__EXERCISE__
Make an exact copy of the whole listing, but leave its pictures out.

__DATA TO USE__

◆ ◆ ◆ ◆

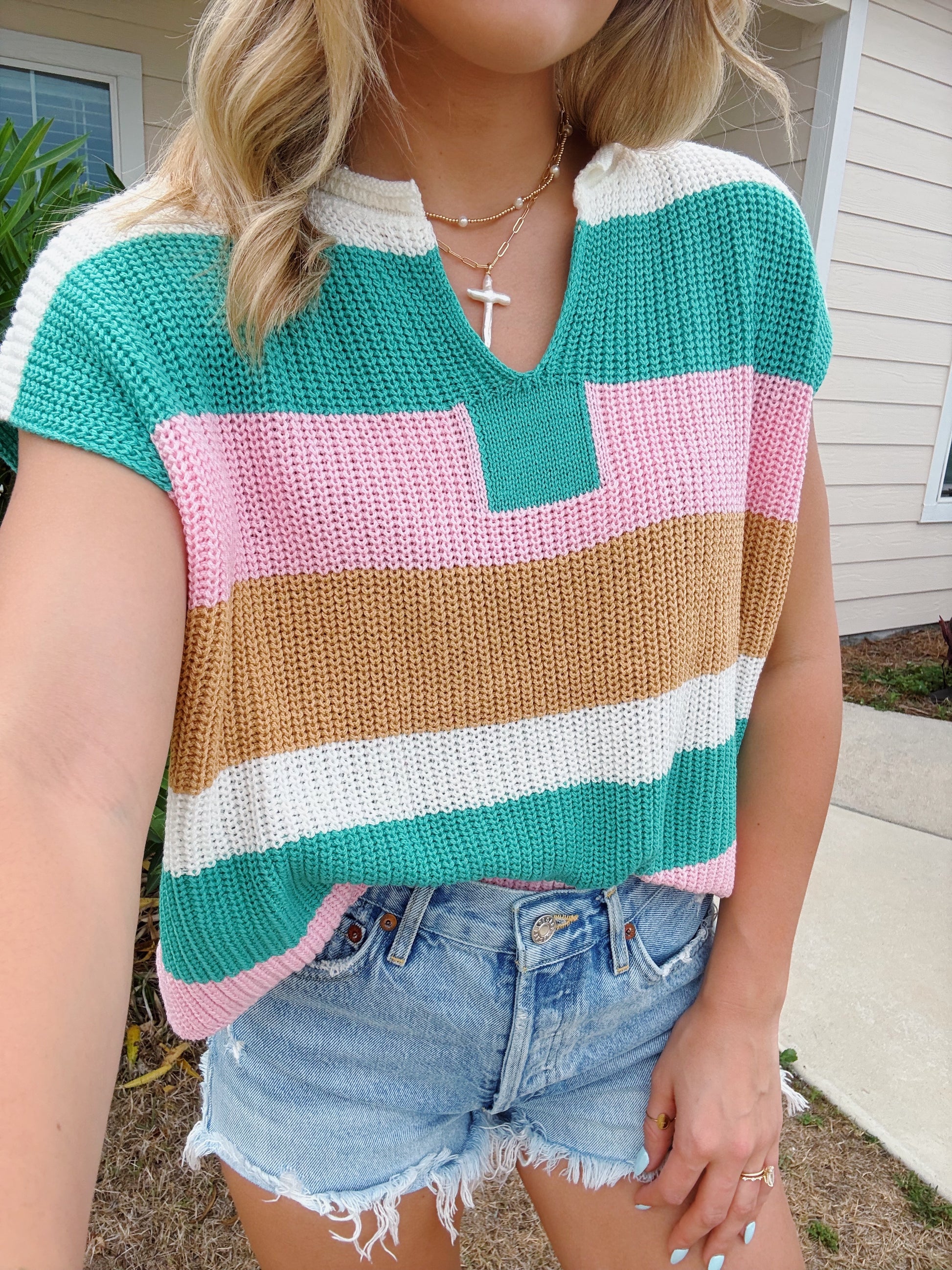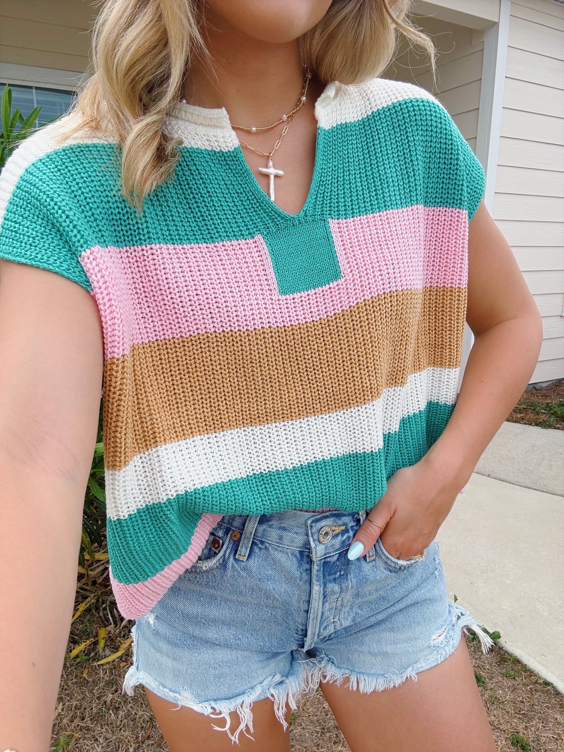 The perfect summer basic top! It runs true to size. The model is wearing a small for reference.
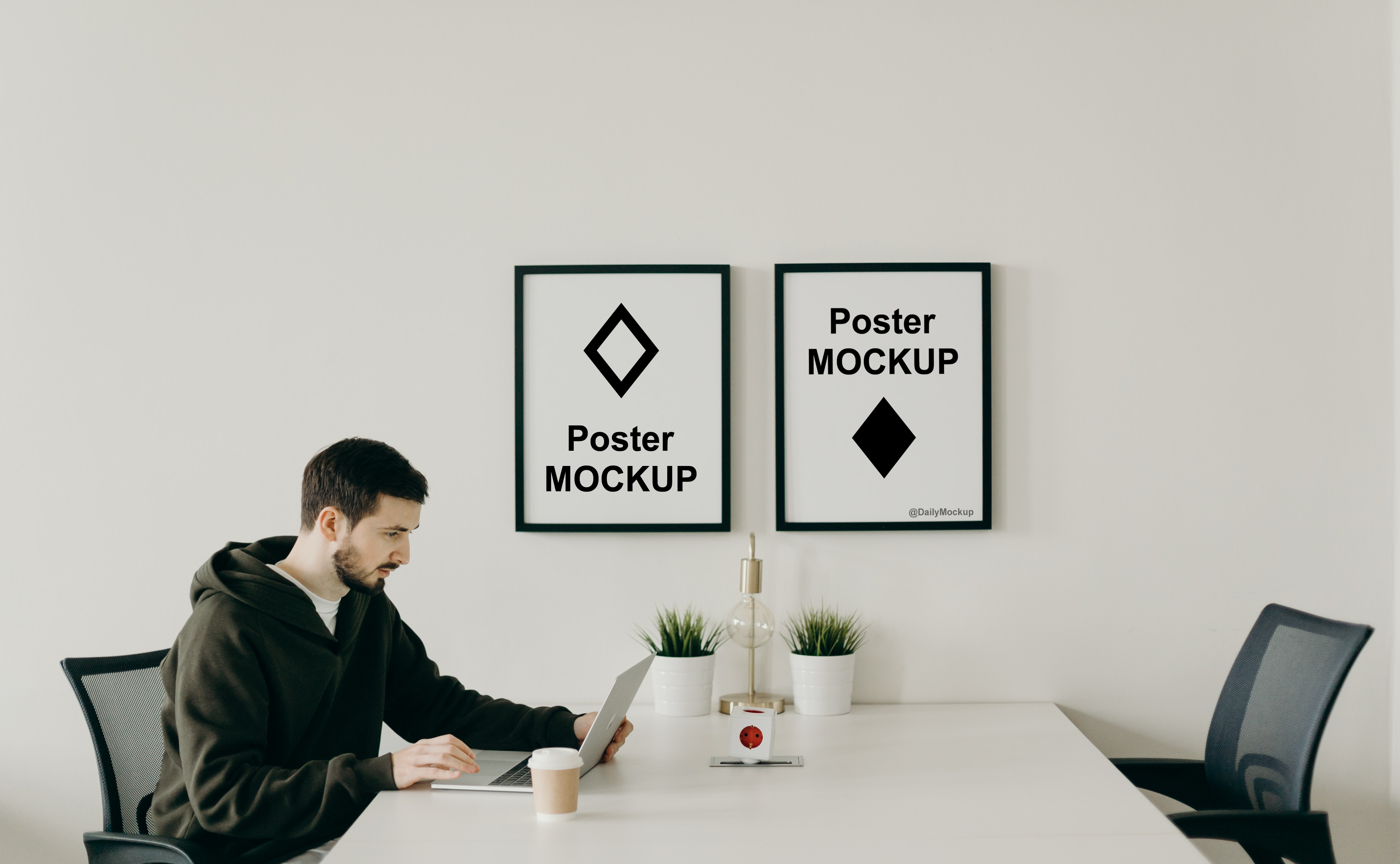The mockup image showcases a modern office setting with a white wall and minimalistic decor. It features two framed posters with basic geometric designs hanging side by side. Below the posters is a desk with potted plants, a small decor item, and a man working on a laptop. This mockup is perfect for advertising artwork or motivational quotes in a professional environment. Use the mockup generator to create your design and share it on social media for maximum impact!
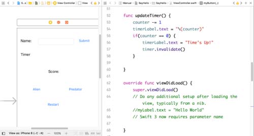 Sometimes you have both code and Storyboards open. When you want to have both open, you can use Option and select the other, so that you see both in the center editor area. You need to have both open when you are making connections between the interface elements and the code.
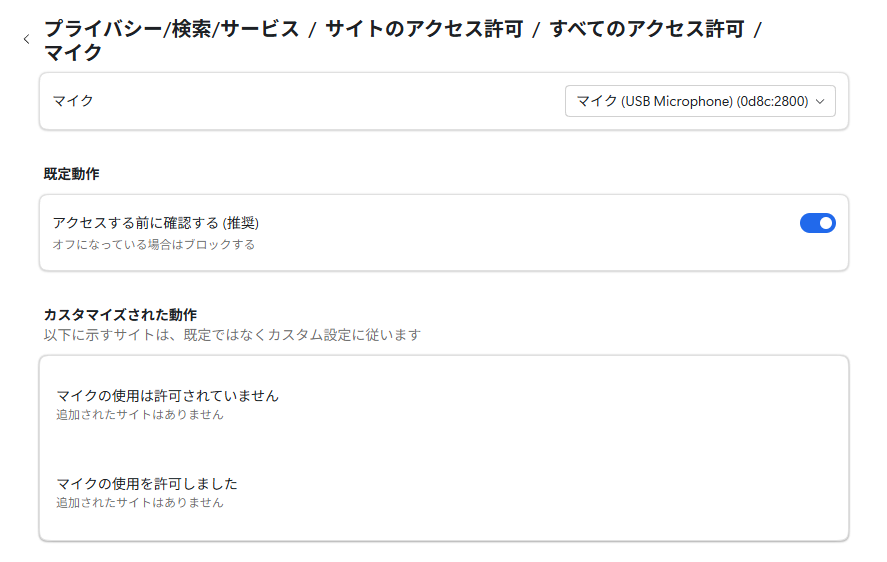 特定のWebサイトだけマイクが使えない場合は、サイト単位でブロックされている可能性があります。
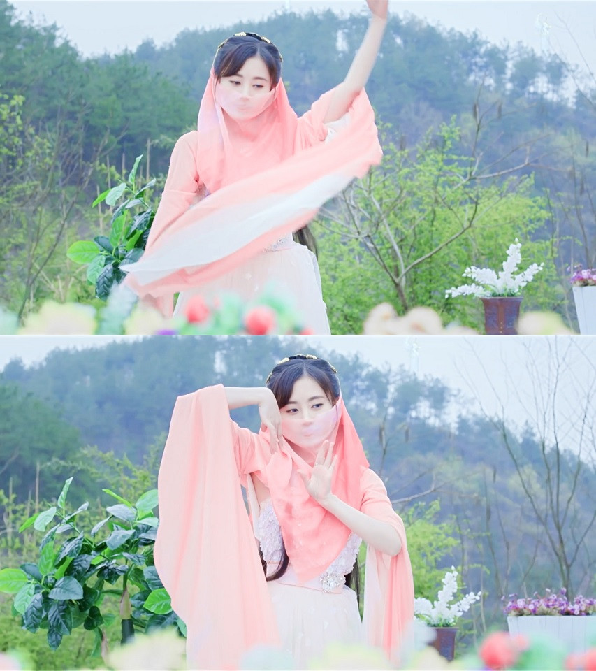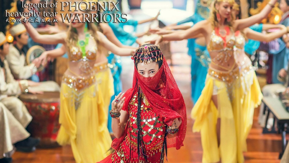 王麗坤在《天淚傳奇之鳳凰無雙》的穿著異域造型跳舞也很經典,鮮紅的亮片面紗搭配垂墜舞裙,媚惑力十足,那眼神真的會勾人耶!
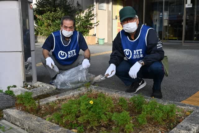 NTT環境クリーン活動及びみどリいっぱいプロジェクト 事務局からのお知らせ 2025.03.052025.11.05 2024年度NTT環境クリーンに参加しました。 ①2025.2.27(木)NTT楚辺ビル周辺の清掃活動に電友会から会長他5名が参加しました。 ②2025.3.4(火) NTT城間ビル前の清掃活動に電友会から3名が参加しました。
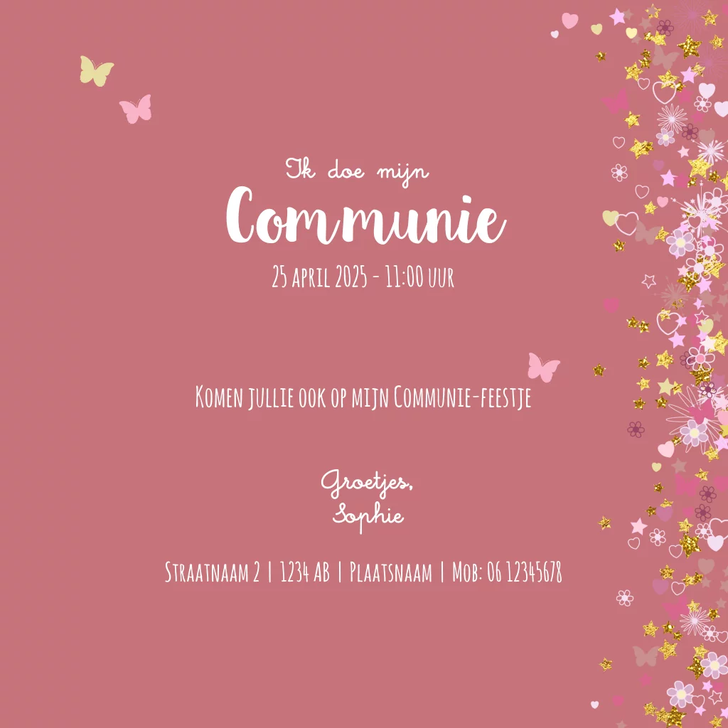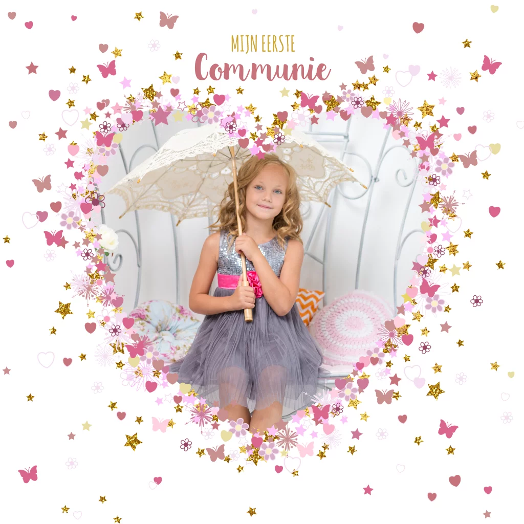 Communie foto uitnodiging hartjes vlinders bloemen en sterren
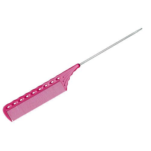 Гибкая расчёска с металлическим хвостиком и усиленным обушком, общая длина 225мм, для базовой техники работы. Расчёска предназначена для выделения прядей, окраски и химзавивки. Длина рабочей части расчёски совпадает с длиной стандартной пластиковой бигуди для химзавивки (“коклюшки”), что делает её незаменимым инструментом, значительно ускоряющим этот длительный процесс. Частота зубчиков плавно увеличивается от центра к краю расчёски. Это необходимо для более надёжного удержания захваченной пряди.
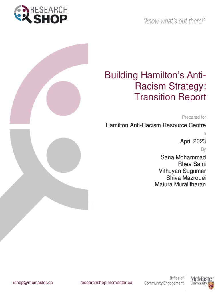 Building Hamilton's AntiRacism Strategy: Transition Report Prepared for Hamilton AntiRacism Resource Center In April 2023 By Sana Mohammad Rhea Saint Sichuan Sugar Shiva Marque Maura Muralitharanrshop@mcmaster.caresearchshop.mcmaster.caTable
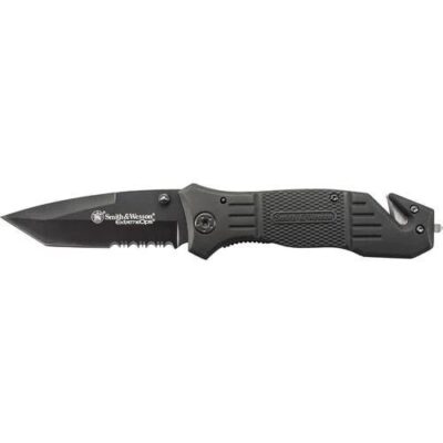 Smith & Wesson First Responder Folding Knife 3-3/10″ Serrated Drop Point Blade Black Silver
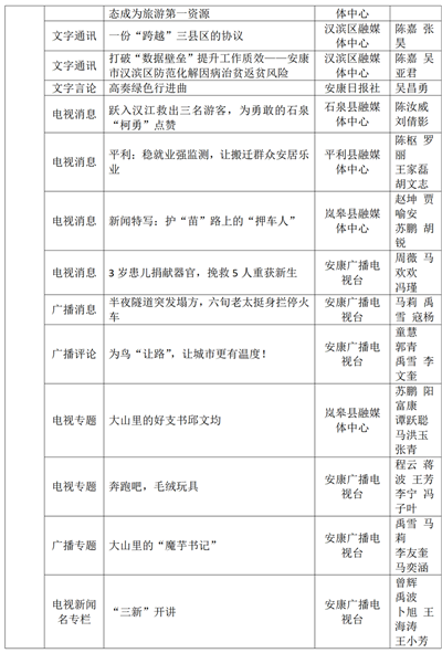 獲得本次安康新聞獎作品共計114件,其中一等獎25件(報紙類10件,電視廣播類10件,新媒體類5件)、二等獎40件(報紙類15件,電視廣播類15件,新媒體類10件)、三等獎49件(報紙類20件,電視廣播類16件,新媒體類13件)。張俊等16名同志獲得安康市優(yōu)秀新聞工作者稱號。從評選的范圍、內(nèi)容、體裁、形式等方面看,都好于往年。
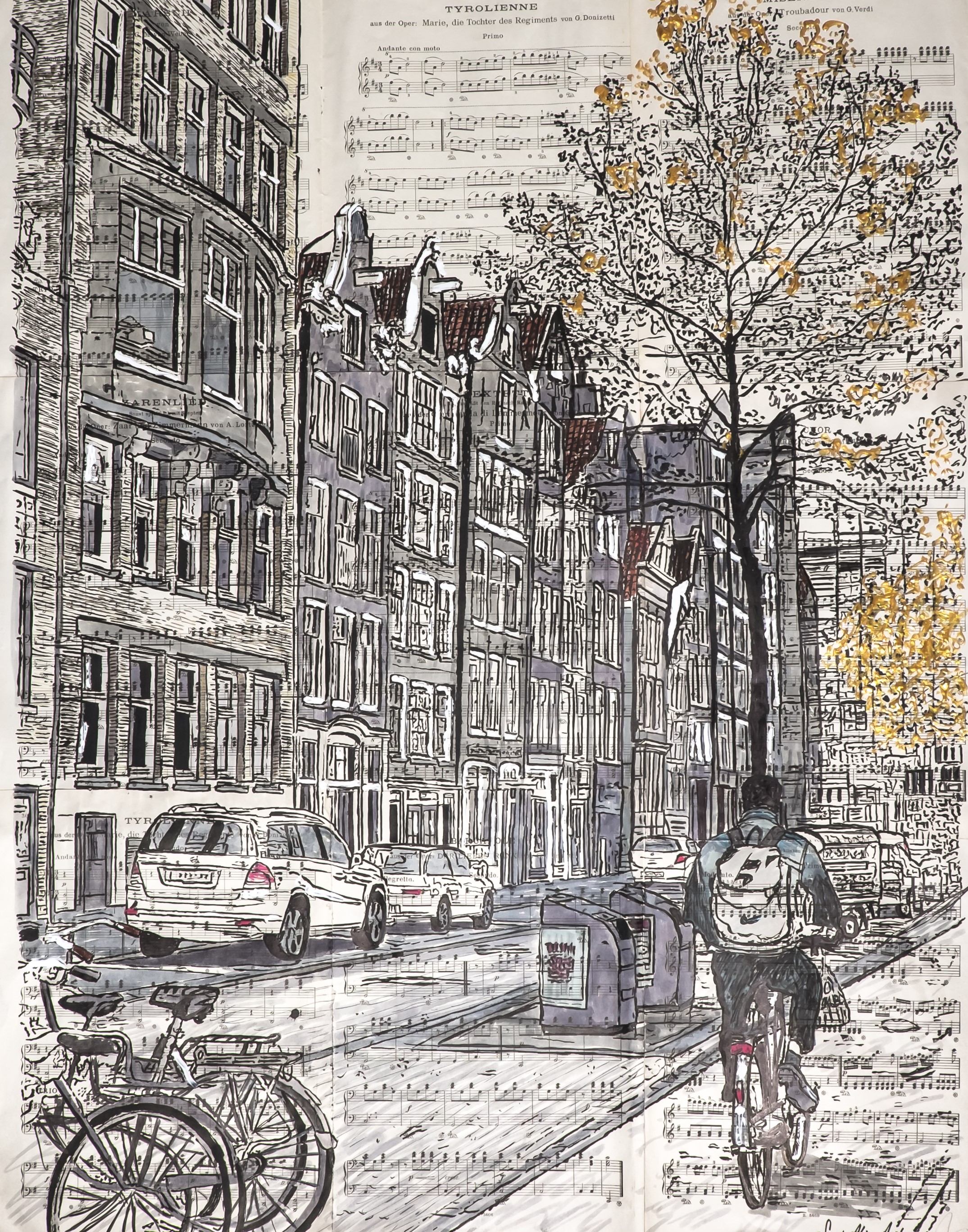 I have also used a hint of gold paint. My decision for manuscript paper arose out of my desire to create more depth and interest in the piece. Amsterdam is a busy place, why not create a busy image. However it is not until you step up close to the image that the notes of the staves of music become clear. The image is 87 x 66cm.

◆ ◆ ◆ ◆

__TASK SOLUTION__
 The perfect summer basic top! It runs true to size. The model is wearing a small for reference.
The mockup image showcases a modern office setting with a white wall and minimalistic decor. It features two framed posters with basic geometric designs hanging side by side. Below the posters is a desk with potted plants, a small decor item, and a man working on a laptop. This mockup is perfect for advertising artwork or motivational quotes in a professional environment. Use the mockup generator to create your design and share it on social media for maximum impact!
 Sometimes you have both code and Storyboards open. When you want to have both open, you can use Option and select the other, so that you see both in the center editor area. You need to have both open when you are making connections between the interface elements and the code.
 特定のWebサイトだけマイクが使えない場合は、サイト単位でブロックされている可能性があります。
 王麗坤在《天淚傳奇之鳳凰無雙》的穿著異域造型跳舞也很經典,鮮紅的亮片面紗搭配垂墜舞裙,媚惑力十足,那眼神真的會勾人耶!
 NTT環境クリーン活動及びみどリいっぱいプロジェクト 事務局からのお知らせ 2025.03.052025.11.05 2024年度NTT環境クリーンに参加しました。 ①2025.2.27(木)NTT楚辺ビル周辺の清掃活動に電友会から会長他5名が参加しました。 ②2025.3.4(火) NTT城間ビル前の清掃活動に電友会から3名が参加しました。
 Communie foto uitnodiging hartjes vlinders bloemen en sterren
 Гибкая расчёска с металлическим хвостиком и усиленным обушком, общая длина 225мм, для базовой техники работы. Расчёска предназначена для выделения прядей, окраски и химзавивки. Длина рабочей части расчёски совпадает с длиной стандартной пластиковой бигуди для химзавивки (“коклюшки”), что делает её незаменимым инструментом, значительно ускоряющим этот длительный процесс. Частота зубчиков плавно увеличивается от центра к краю расчёски. Это необходимо для более надёжного удержания захваченной пряди.
 Building Hamilton's AntiRacism Strategy: Transition Report Prepared for Hamilton AntiRacism Resource Center In April 2023 By Sana Mohammad Rhea Saint Sichuan Sugar Shiva Marque Maura Muralitharanrshop@mcmaster.caresearchshop.mcmaster.caTable
 Smith & Wesson First Responder Folding Knife 3-3/10″ Serrated Drop Point Blade Black Silver
 獲得本次安康新聞獎作品共計114件,其中一等獎25件(報紙類10件,電視廣播類10件,新媒體類5件)、二等獎40件(報紙類15件,電視廣播類15件,新媒體類10件)、三等獎49件(報紙類20件,電視廣播類16件,新媒體類13件)。張俊等16名同志獲得安康市優(yōu)秀新聞工作者稱號。從評選的范圍、內(nèi)容、體裁、形式等方面看,都好于往年。
 I have also used a hint of gold paint. My decision for manuscript paper arose out of my desire to create more depth and interest in the piece. Amsterdam is a busy place, why not create a busy image. However it is not until you step up close to the image that the notes of the staves of music become clear. The image is 87 x 66cm.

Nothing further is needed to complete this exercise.